Canadians don’t save enough for retirement. Expanding the CPP is a good idea, but it must be done slowly and carefully.
When the Canada Pension Plan was established in 1965, it was on a less than solid foundation. The combined contribution rate of 3.6 per cent of pensionable earnings was much less than required to properly fund the benefits, and contributors could reach full benefit eligibility in as little as 10 years.
It was only in the 1990s that politicians addressed the need for adequate funding, which is now 9.9 per cent, again split evenly between employers and employees.
This article was published by the Halifax Chronicle Herald on January 3rd, 2014. To see this article and other related articles on their website, click here.
The plan has many advantages. Administrative and investment expenses are low. Benefit entitlements transfer seamlessly if a member changes employer or province of residence.
The biggest disadvantage is that the benefit, even in combination with Old Age Security, does not replace enough pre-retirement income, and many Canadians have inadequate savings in private plans. In principle, expanding the plan is a good idea. But there are several possible pitfalls.
1. Politicians might be tempted to initiate the new CPP benefit with inadequate funding, as they did in 1965. Fortunately, this cannot be done without amending the Canada Pension Plan Act. So most proposals currently on the table have the increase in benefit being earned slowly. The Canadian Labour Congress version takes 40 years to reach the full new benefit.
2. Low-income earners who retire with small CPP benefits are today also eligible for the Guaranteed Income Supplement (GIS). For them, the combined post-retirement income often approaches or even exceeds pre-retirement income. An increase in CPP will be largely offset by reductions in GIS. Asking this group to contribute more for little change in benefit is not a good outcome. Accordingly, some of the current proposals do not make deductions or provide benefits on earnings below $25,200.
3. Some finance ministers might be dreaming that this can somehow bail them out of their public pension funding deficiencies. It will not and it should not.

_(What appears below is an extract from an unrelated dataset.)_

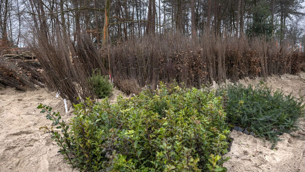 Dit seizoen worden er maar liefst 40 tot 50 duizend jonge bomen en struiken geplant in verschillende gebieden binnen het Almeerderhout. Deze jonge bomen en struiken (ook wel 'bosplantsoen' genoemd) worden kort voor de start van het planten geleverd bij Staatsbosbeheer. De jonge bomen (met kale wortel) zijn op dat moment in rust, maar ook erg kwetsbaar. Daarom worden ze tijdelijk opgeslagen in onze zogenaamde plantkuil. Hier verblijven de jonge bomen tot het moment dat ze daadwerkelijk worden aangeplant. Er worden diverse soorten loofbomen, naaldbomen en struikvormers aangeplant. Op die manier zorgen we voor een divers en toekomstbestendig bos met een verscheidenheid aan plant- en diersoorten. Een paar voorbeelden van wat er geplant wordt: de tulpenboom (drachtboom voor bijen en vlinders), moerascipres, hopbeuk, amandelwilg en nog veel meer verschillende soorten!

4. As the assets in the plan become very large, finance ministers might be tempted to interfere with the independent asset management.

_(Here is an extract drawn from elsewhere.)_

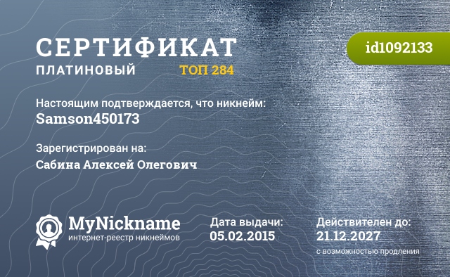 Nickname Samson450173 is registered to Sabina Alexey Olegovich. Issued Platinum certificate ID1092133. Issue date 05.02.2015.
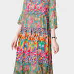 Ligero, colorido y encantador, el vestido Kate es una oda a la alegría veraniega. Su diseño midi en capas, el escote en pico y las mangas tres cuartos transparentes crean una silueta femenina con carácter. El estampado floral multicolor aporta un aire artístico vibrante que no pasa desapercibido.

So the desirable elements in a new plan are a long phase-in to full benefits, a focus on middle-income earners, and rigorously protected independence from meddling by finance ministers.
It is surprising and disappointing that the federal government is so resistant to considering options. It is disingenuous to argue that the economy is too fragile to risk an increase in payroll deductions, particularly when the provinces have offered to defer the start date, or to phase in implementation even more slowly.
Finance Minister Jim Flaherty has rejected all of these proposals. His “not now” sounds a lot like “not ever.”
In response, Ontario Premier Kathleen Wynne has proposed to establish a provincial program, with open arms to all other provinces that want to join. In principle, many others would, but getting agreement on the details will be difficult, particularly when the lead is coming from Ontario.
The current Ontario government has a particularly sordid track record of lying about the cost of its decisions. For example, the cancellation of two gas-fired electrical plants cost hundreds of millions more dollars than initially acknowledged.
Although the governing party has a new leader, there is every reason to worry about the soundness of an Ontario-led proposal for new benefits outside the CPP. And such a proposal would create inefficient administrative duplication.
Meanwhile, advocacy groups have provided an instructive example of the use and misuse of polls.
The Canadian Federation of Independent Business poll of workers found that a vast majority said they preferred government policy solutions to boost retirement incomes that would involve lower taxes, new government incentives, or voluntary options over an expansion of CPP coverage and corresponding higher premiums. Only 18 per cent said they felt the best solution was “a mandatory increase in CPP/QPP premiums.”
In contrast, the Canadian Association of Retired Persons found that 71 per cent of 2,654 members surveyed strongly support an expansion of CPP benefits and felt the government should not stay in office if it does not expand the CPP. CARP’s members would not be beneficiaries of the changes, but neither would they experience any cost.
As ever, voters respond positively when asked about improved benefits, and negatively when asked about new deductions from their paycheques.
Canadians have shown little enthusiasm for making adequate provision for their retirement. The right outcome is a slow and wisely managed increase to CPP. Our best hope is that Mr. Flaherty has had a mellowing holiday, and becomes a more willing partner.